Give us 40 percent of Colo. (or one casino site)
“The Cheyenne and Arapaho tribes of Oklahoma filed a claim Wednesday for 27 million acres given to the tribes in a 19th century treaty but said they would settle for 500 acres to build a casino in a symbolic return to Colorado. The petition, filed with the Department of Interior, covers northeastern Colorado and about 40 percent of the state.” And just like many Eastern tribes or would-be tribes, they’ve got an investor: “Steve Hillard, a Longmont venture capitalist who pulled together investors for the plan, dubbed the ‘Homecoming Project,’ said the unresolved settlement claims could tie up land and water sales in northeastern Colorado until an agreement is reached. Hillard said similar claims in Hawaii, New York, South Carolina and Texas have slowed real estate sales.” (Deborah Frazier, “Indians file huge land claim”, Rocky Mountain News, Apr. 15). For more on Indian land claim blackmail, see Feb. 9 and Nov. 2-4, 2001, among many others.
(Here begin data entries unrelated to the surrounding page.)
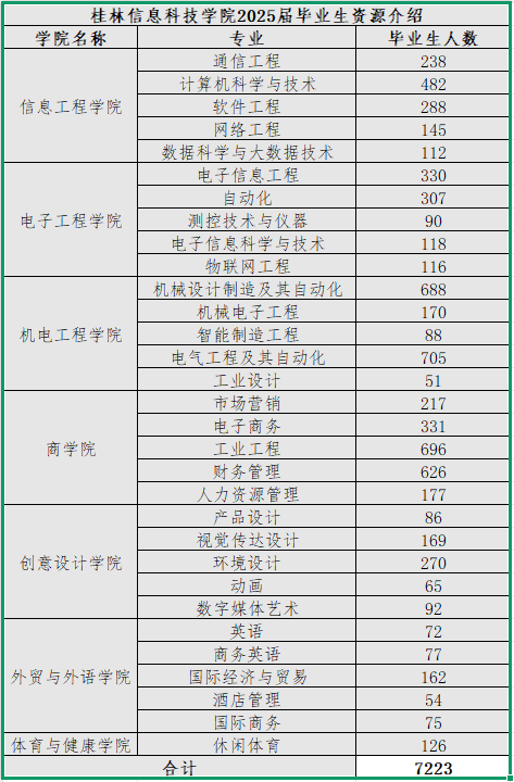 桂林信息科技学院2026届生源信息 桂林信息科技学院2026届毕业生共6623人,详情见下方链接: 链接:桂林信息科技学院2026届毕业生生源信息 桂林信息科技学院2025届毕业生共7223人,详情见下图: 推荐阅读桂林信息科技学院就业指导中心联系方式广西生源信息查询系统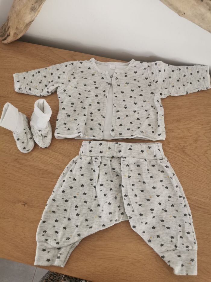 Ensemble bébé mixte petit bateau 1 mois avec ses chaussons et son bodie assorti plus une blouse boutchou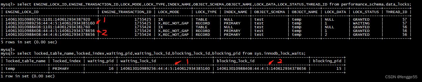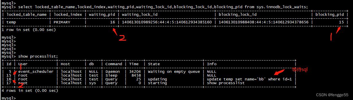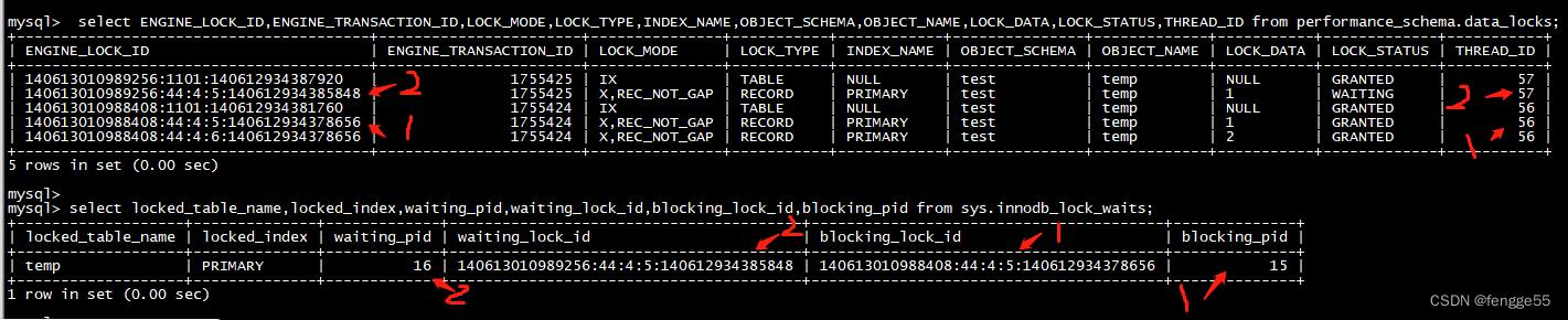 再次对比下。可以找到关系,1等待的事务处理,是被2阻塞了。也就是锁住了,需要2释放锁,1才可以执行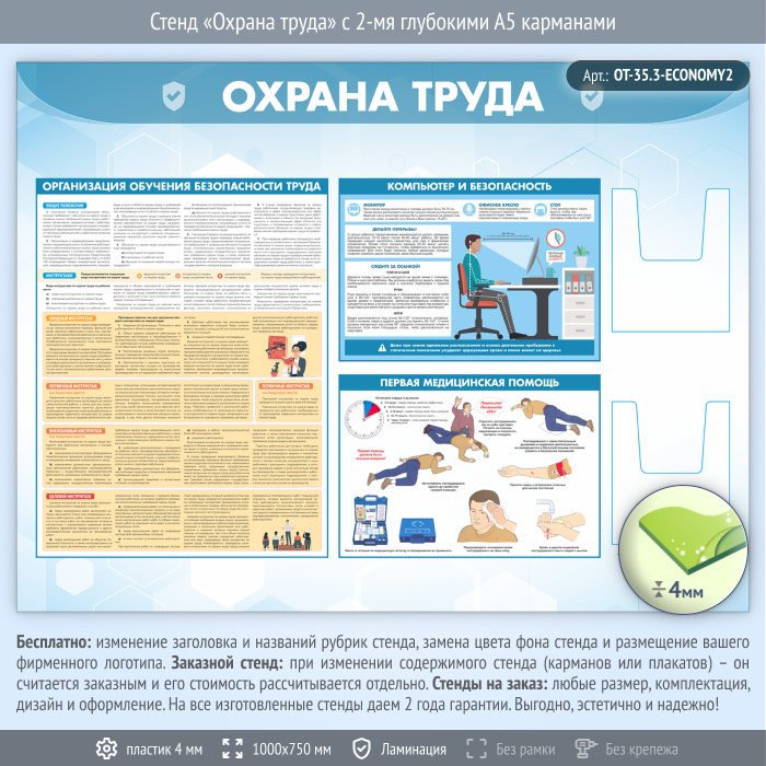 Стенд «Охрана труда» с 2-мя глубокими А5 карманами (OT-35.3-ECONOMY2) в Ижевске купить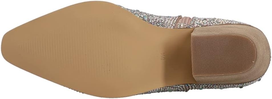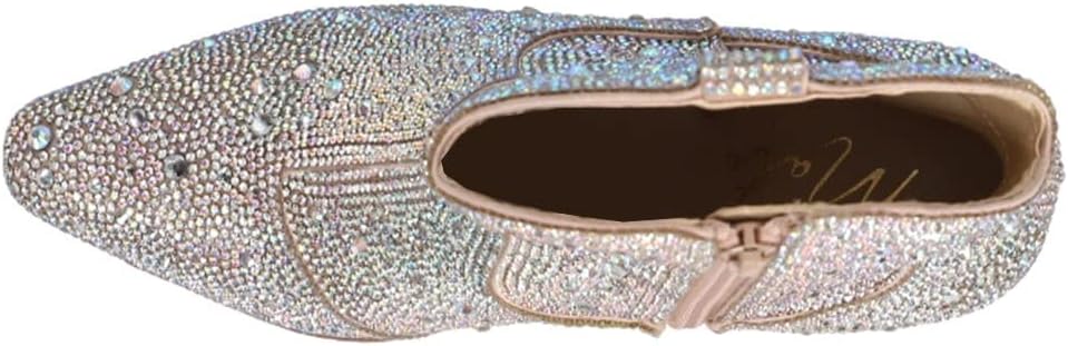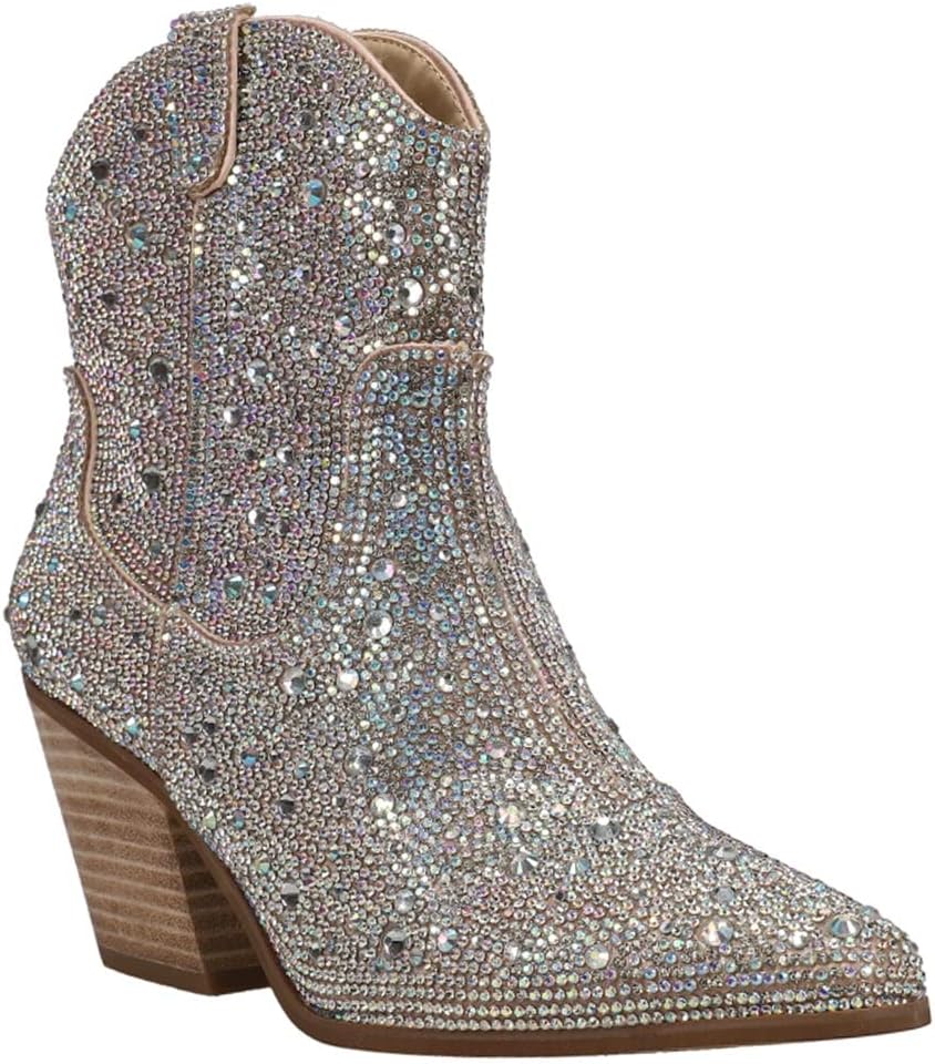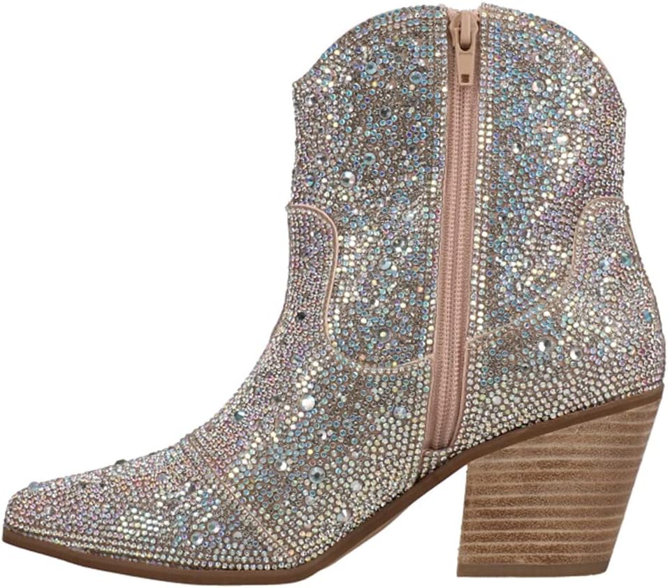 Step out in glam style with this block-heel bootie covered in sparkling crystals.

Lawsuit: school failed to supervise gang initiation
On March 28, 2002, 14-year-old Francisco Belman asked to join the “Latin Mafia” gang at H.E. McCracken Middle School in Bluffton, South Carolina, an initiation that required him to be punched several times in the chest. Midway through the school bathroom ceremony, however, he collapsed and went into convulsions; the gang members tried for a few minutes to revive him with “sink water and paper towels.” School officials were eventually summoned, and gave Francisco CPR while waiting for paramedics; paramedics defibrillated, but Belman’s heart stopped again on the way to the hospital; Belman went into a vegetative state and died ten weeks later. So the parents have sued “the South Carolina Board of Education, Beaufort County Board of Education, town of Bluffton, Beaufort County Sheriff’s Office and the parents of the two boys who pleaded guilty this month to involuntary manslaughter in Francisco’s death.” Especially appalling is the newspaper’s editorial defending the lawsuit against peripheral players as an appropriate mechanism for the parents’ grief, but lapses into self-parody:
Clearly, the Belman family wants and deserves an apology. But from whom? The two boys who were trying to initiate Francisco into their club that fateful day have expressed remorse, and how could they not? They are teenagers; they didn’t know their machismo would ultimately kill Francisco.
(Stephanie Ingersoll, “Lawsuit filed in boy’s beating death”, Carolina Morning News, Mar. 26; “Editorial: Don’t judge Belman family for filing lawsuit”, Carolina Morning News, Mar. 26; “Chronology of a tragic day”, Carolina Morning News, Mar. 26; Noah Haglund, “Trial to begin in McCracken student’s death”, Hilton Head Island Packet, Mar. 14).